Blunt ties these elements together for the students in the balcony scene. Having two more volunteers perform the roles of Juliet and Romeo, Blunt shows them how Juliet can begin by talking to the audience, but needs to use the darkness of the environment to not see Romeo, who (in the current production) hides among the audience. Romeo's questions are directed to the audience, which involves them in the conversation. Both of the lovers are talking to the audience, but neither one knows that the other is talking to the audience. "[Shakespeare] makes you a confidant in this relationship," says Blunt, excited "it's unbelievable!"
Shakespeare's language is sometimes perceived to be an obstacle, but Blunt reminds his students that 98% of Shakespeare's vocabulary is modern. The words may be unfamiliar, but you know what "be-screened" means without having to look it up. He also points out the heightened nature of Shakespeare's language: "if you're Romeo, and you just got caught creepin' in some girls yard, and she asks you what you're doing here, you better come up with something good." The average Renaissance-Londoner didn't ask for a glass of water by making classical allusions, but Shakespeare's characters use heightened language to talk about their heightened circumstances. This language directs the circumstances of the actors.
Blunt also touches on the cross-gendered casting that we use at the ASC, and describes some of the ways that Shakespeare made us of the convention of an all male acting company. He uses more student volunteers to illustrate the idea of a boy actor playing a female character who dresses as a boy and then pretends to be a woman in As You Like It. Shakespeare didn't write his plays under the presumption that, in 400 years, they would be able to get it right and use female actors to play female roles, he wrote his plays specifically to take advantage of the conventions of the time, which is why it is essential that we cross-gender cast our plays.
"This guy Shakespeare was a smart man," Blunt concludes.
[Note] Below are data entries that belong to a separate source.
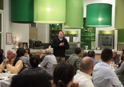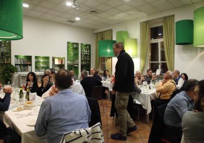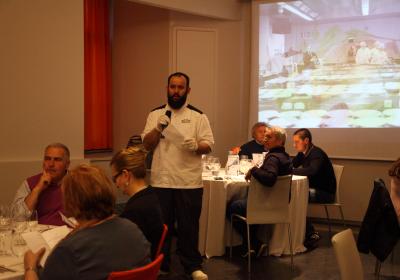 Durante la cena il pescatore e ristoratore Cristian Ponzini - titolare del ristorante - ha illustrato l'intero menu descrivendo le caratteristiche del pescato, la tipologia di preparazione, il metodo di cottura/marinatura ed il modus operandi con la quale si realizza la pesca.
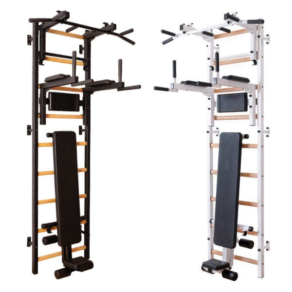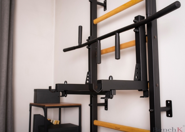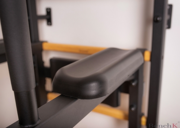 Spalier BenchK 733B, cu bara de tractiune cu 6 manere, bara joasa suport pentru spate si banca antrenament,ideal pentru antrenamentul abdomenului, spatelui si bratelor. Când designul este făcut corect, nu trebuie să alegeți între estetică și funcționalitate. Aceste spalierr de perete se pot potrivi perfect în orice interior datorită unui amestec bine gândit de oțel mat cu lemn de fag. Nu este nevoie să-l ascundeți în garaj.Spalierele de perete BenchK se potrivesc perfect într-o locuință modernă, dar respectă și standardele UE de siguranță pentru echipamentele profesionale de gimnastică. Sunt certificate pentru utilizare în instituții publice, inclusiv săli de sport profesionale, centre de antrenament al forțelor armate, hoteluri, școli, spitale și multe altele.Acest mobilier sportiv versatil oferă un antrenament pentru întregul corp cu o gamă largă de opțiuni de exerciții - flexia și extensia coloanei vertebrale, mobilitate articulară, antrenament de forță, condiționare de bază, întindere, picioare, cardio, antrenament TRX și multe altele. Accesorii:Bară de tracțiune din oțel reglabilă cu 6 mânere, bară joasa cu suport pentru spate, bancă de antrenament.Bara de tractiune are cârlige căptușite cu pâslă pentru a preveni marcarea treptelor din lemn. Datorită construcției sale detașabile, bara de tragere poate fi poziționată pe diferite trepte și ajustată la înălțimea utilizatorului. Bara de tractiune are șase mânere anti-alunecare, ceea ce permite o gamă largă de tipuri diferite de trageri, precum și exerciții de condiționare a miezului, spatelui și umerilor.Când este rotit cu 90 de grade, poate fi folosit ca suport pentru spate.Cotierele stației cu bară de scufundare și suportul pentru spate sunt realizate din spumă poliuretanică integrală. Acest lucru le garantează durabilitatea, ușurința de curățare și aspectul modern.Atât bara joasa cât și bara de tractiune pot fi ajustate la înălțimea utilizatorului sau pot fi îndepărtate complet, dacă este necesar.Bancă reversibilă cu scaun suplimentar și patru role de sprijin pentru picioare. Suportul pentru spate, scaunul suplimentar și rolele de susținere a picioarelor sunt realizate în întregime din poliuretan (PU) fără a folosi piele sintetică sau spumă. Banca permite o varietate de exerciții abdominale, variații de apăsare cu mrenă sau exerciții cu gantere.
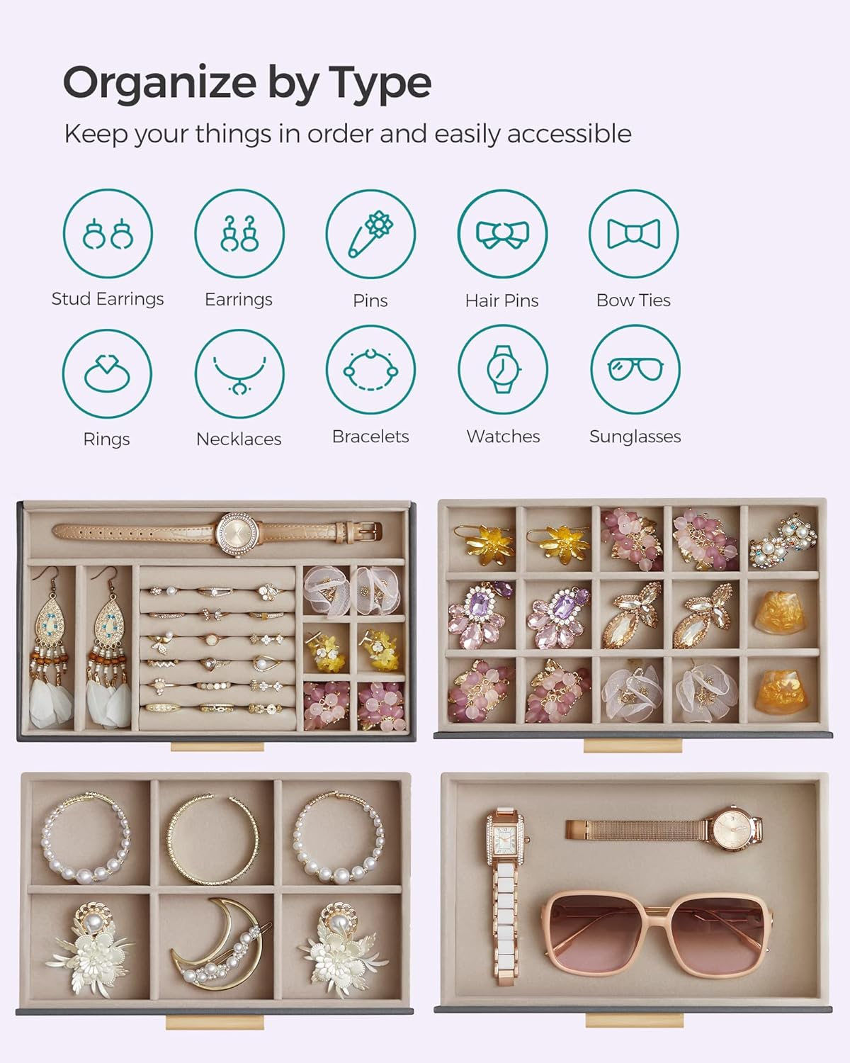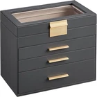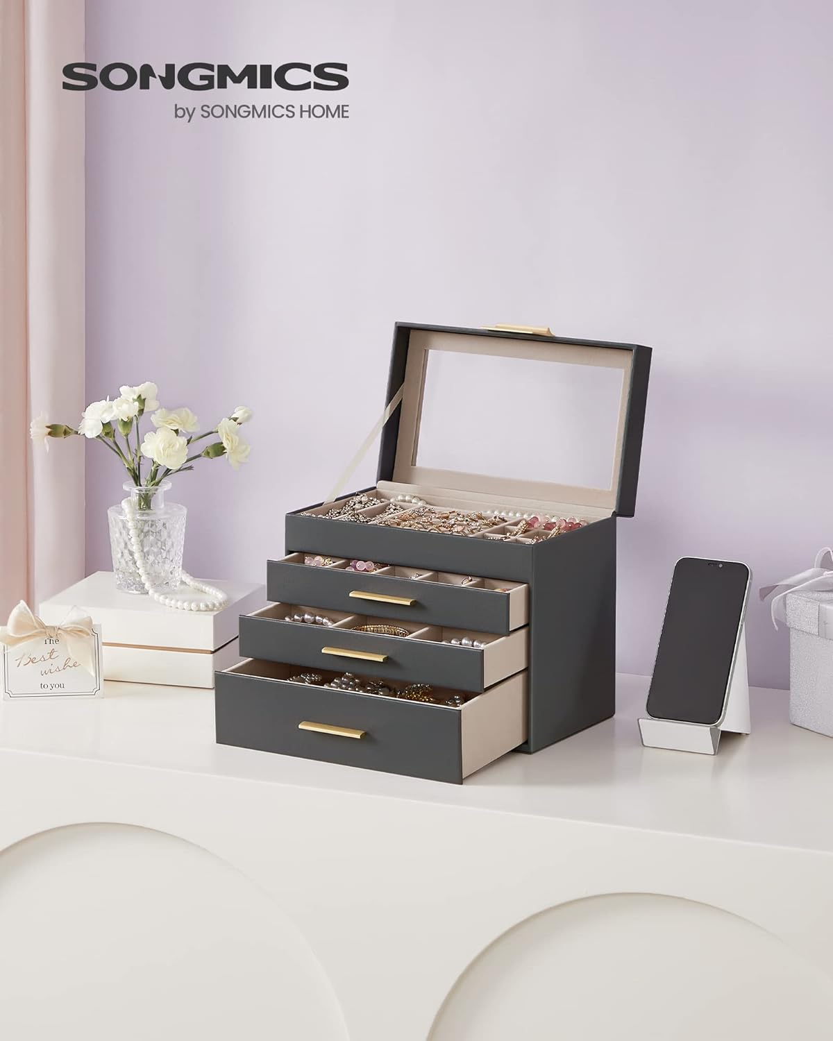 Store New Arrivals Add to Favorite View Feedback Contact Jewelry Box with Glass Lid, 4-Layer Jewelry Organizer, 3 Drawers, for Sunglasses, Big Jewelry, Jewelry Storage, Modern Style, Gray and Gold Color UJBC161C01 Description Style Modern Number of Items 1 Size 4 Layer (6"D x 8.5"H) Country of Origin China Warranty Type limited warranty Batteries Included? No Jewelry Storage Type Jewelry Box Batteries Required? No Number of Compartments 4 Special Feature Durable,Jewelry Organizer,See-through Product Dimensions 6"D x 9.9"W x 8.5"H Material MDF (Medium Density Fiberboard), PU (Polyurethane), Velvet, Glass Number of Drawers 3 Finish Type Glossy Included Components 1 x Jewelry Box Closure Type Magnetic Item Weight 3.74 pounds Finish Glossy Occasion New Home, Anniversary, Birthday Special Features Durable,Jewelry Organizer,See-through Target Audience Women, Girls Part Number UJBC161C01 Mounting Type Table Top Color Gray + Gold Inner Material Velvet Global Trade Identification Number 00194343123615 Shape Rectangular Recommended Uses For Product Necklace, Bracelet, Ring, Watch, Earring, Bangle Number Of Pieces 1 [Storage, 4 Layers] Keep all your jewelry organized in this jewelry box—small pieces of jewelry go in the various slots of the top 3 layers, and sunglasses and watches go in the big bottom drawer [Clear Glass Lid] The see-through glass lid of this jewelry organizer allows you to see and find your favorite jewels at a glance while protecting them from dust, keeping your jewelry ready to wear and clean [Chic & Durable] Elegant gray and gold colors, shiny metal handles, soft velvet lining, neat stitching, quality PU, and sturdy MDF—all these elements combined make this jewelry case stylish and durable enough for your ever-growing jewelry collection [Perfect Gift Idea] Gift this original design jewelry box to your loved ones for their birthday or anniversary to surprise them! Or, treat yourself to this fancy jewelry box—you deserve it! [Versatile Use] This modern jewelry holder looks nice whether displayed on the dresser of your bedroom or your cloakroom to organize your pins, necklaces, rings, bracelets, and other accessories Product Description The Top Layer 3 narrow compartments for your necklaces or chain bracelets; 7 ring slots; 6 small cubes for earrings, pins, or other small accessories. The Second Layer 15 medium-sized compartments for pins, big rings, earrings, as well as hair ties. The Third Layer 6 big compartments to store your bangles, bracelets, or small watches. The Fourth Layer A deep drawer without a partition to hold your large pieces of jewelry, sunglasses, or big watches like sports watches. Non-Slip Drawer Handles Each of the three drawers of this jewelry case comes with a non-slip handle so you can slide them in and out easily. Extra Protection During Transit The glass lid of this jewelry box is protected by double layers of polystyrene to prevent it from breaking during transport. The SONGMICS jewelry storage series offers you a variety of chic, classic jewelry boxes to keep all your jewelry well protected and cared for. Your eyes will light up each time you open the jewelry box as if you’re opening up a treasure chest. Treat yourself to this chic SONGMICS jewelry box that speaks volumes about your self-love, confidence, and pursuit of quality life. Specifications: Color: Gray, Gold Material: MDF (Medium Density Fiberboard), PU (Polyurethane), Velvet, Glass Product Size: 6"D x 9.9"W x 8.5"H (15.3 x 25.1 x 21.5 cm) Product Weight: 3.7 lb (1.7 kg) Package Contents: 1 x Jewelry Box SONGMICS Notes: Protect the product from moisture. If the surface of the product gets dusty, please wipe the dust off with a soft cloth. Explore Your Favorite Add to Cart Add to Cart Add to Cart Add to Cart Add to Cart Add to Cart Add to Cart Customer Reviews 4.7 out of 5 stars 3,808 4.6 out of 5 stars 2,546 4.7 out of 5 stars 1,771 4.7 out of 5 stars 595 4.8 out of 5 stars 3,943 4.8 out of 5 stars 3,943 4.5 out of 5 stars 756 Price $49.99 $ 49 . 99 $49.99 $ 49 . 99 $41.99 $ 41 . 99 $55.99 $ 55 . 99 $42.99 $ 42 . 99 $37.99 $ 37 . 99 $29.99 $ 29 . 99 Number of Layers 6 6 / 5 4 3 4 Color Dove Gray + Gold Gray Slate Gray + Metallic Gold Slate Gray Dove Gray + Gold Interstellar Gray + Gold Dove Gray Glass lid ✔ ✘ ✔ ✔ ✔ ✔ ✔ Lockable ✘ ✔ ✘ ✘ ✘ ✘ ✘ Removable Tray ✘ ✘ ✘ ✘ ✘ ✘ ✔ Product Size (D x W x H) 6.4"D x 9.9"W x 11.4"H 6.1"D x 10.2"W x 12.6"H 6.1"D x 10.3"W x 12.6"H 6.3"D x 8.7"W x 11.2"H 8"D x 9.1"W x 6.5"H 8"D x 9.1"W x 5.3"H 6.7"D x 11"W x 7.2"H Mirror ✘ ✔ ✘ ✘ ✘ ✘ ✘ ABOUT US We offer the best prices around on high quality products. Our E-store includes media such as books, movies, music and games while offering electronics, toys, sporting apparel, clothing, tools, general home, garden items and more. SHIPPING We are always working hard to ensure your package arrives as soon as possible. Please understand that some factors like weather, high postal traffic, and the performance of shipping companies are outside of our control. We offer free shipping to the lower 48 states and ship within 2 business days of payment, usually sooner. We do not accept P.O. Boxes. Please provide a physical address. For shipping outside of the continental USA, we only use eBay's Global Shipping Program.The item is shipped to KY and then sent to the rest of the world. International customers are responsible for all duties and taxes. Continue to check out in order to calculate costs for shipping the item to your country. Messages regarding eBay's Global Shipping Program MUST be directed at eBay EXCLUSIVELY. RETURNS We offer a 30-Day Return Policy on items which you are not completely satisfied with. You have the option for a full-refund or an exchange of the item. No returns are available on items shipped outside of the USA. PAYMENT We accept PayPal. CONTACT US This page content is yet to come Please ad us to your favorite seller and visit again later Than
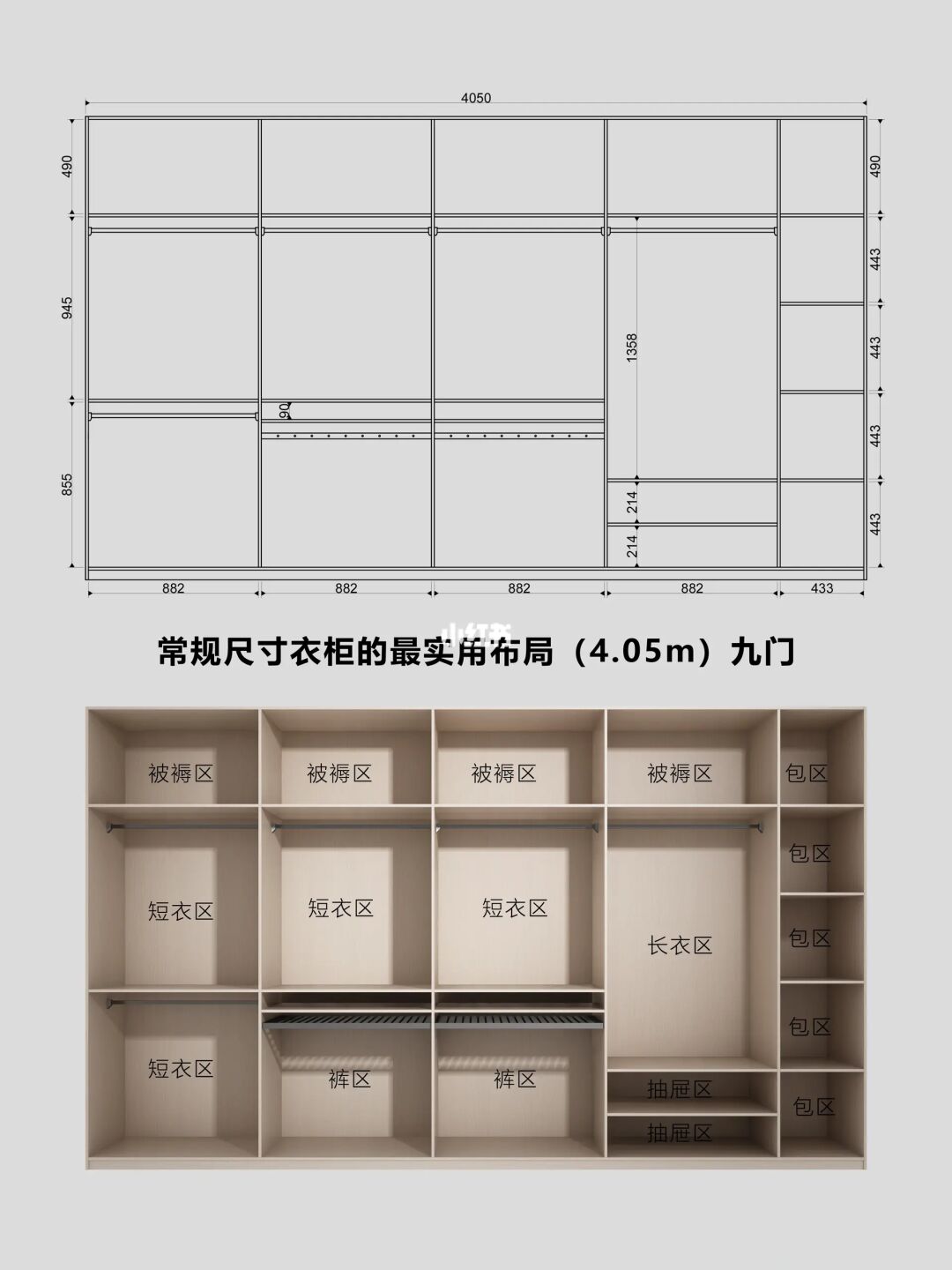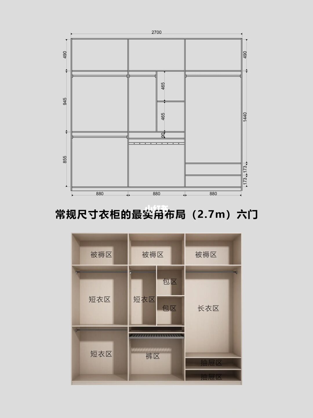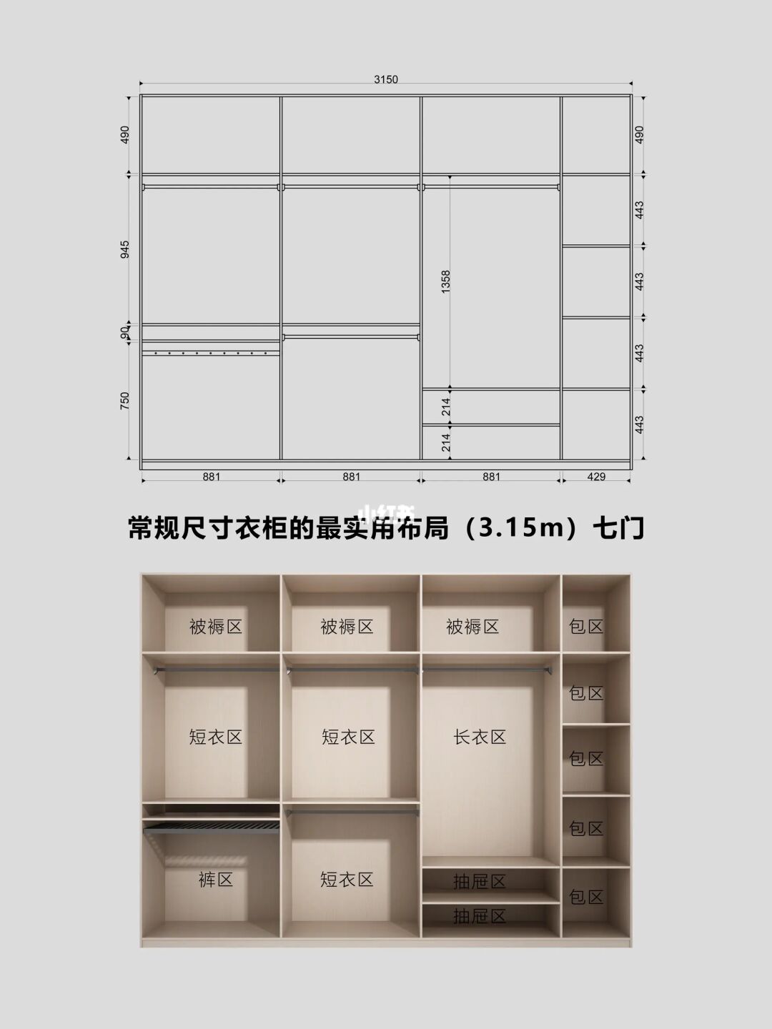 衣柜内部布局一般包含,长衣区,短衣区,裤子区,包包区,被褥区,杂物区,抽屉,还有的会有梳妆台等等

Perhaps the most impressive thing about the ever ebullient Blunt's workshop was the way he engaged the students, especially the ones who were shy or trying to remain uninvolved. Participation is not an option in Rick Blunt's workshop, and while not every student got a chance to perform, the number of volunteers increased every time he asked for them. Getting our audiences to want to engage Shakespeare on his own terms is one of our core principles, and Blunt's success with this group is a testament to that mission.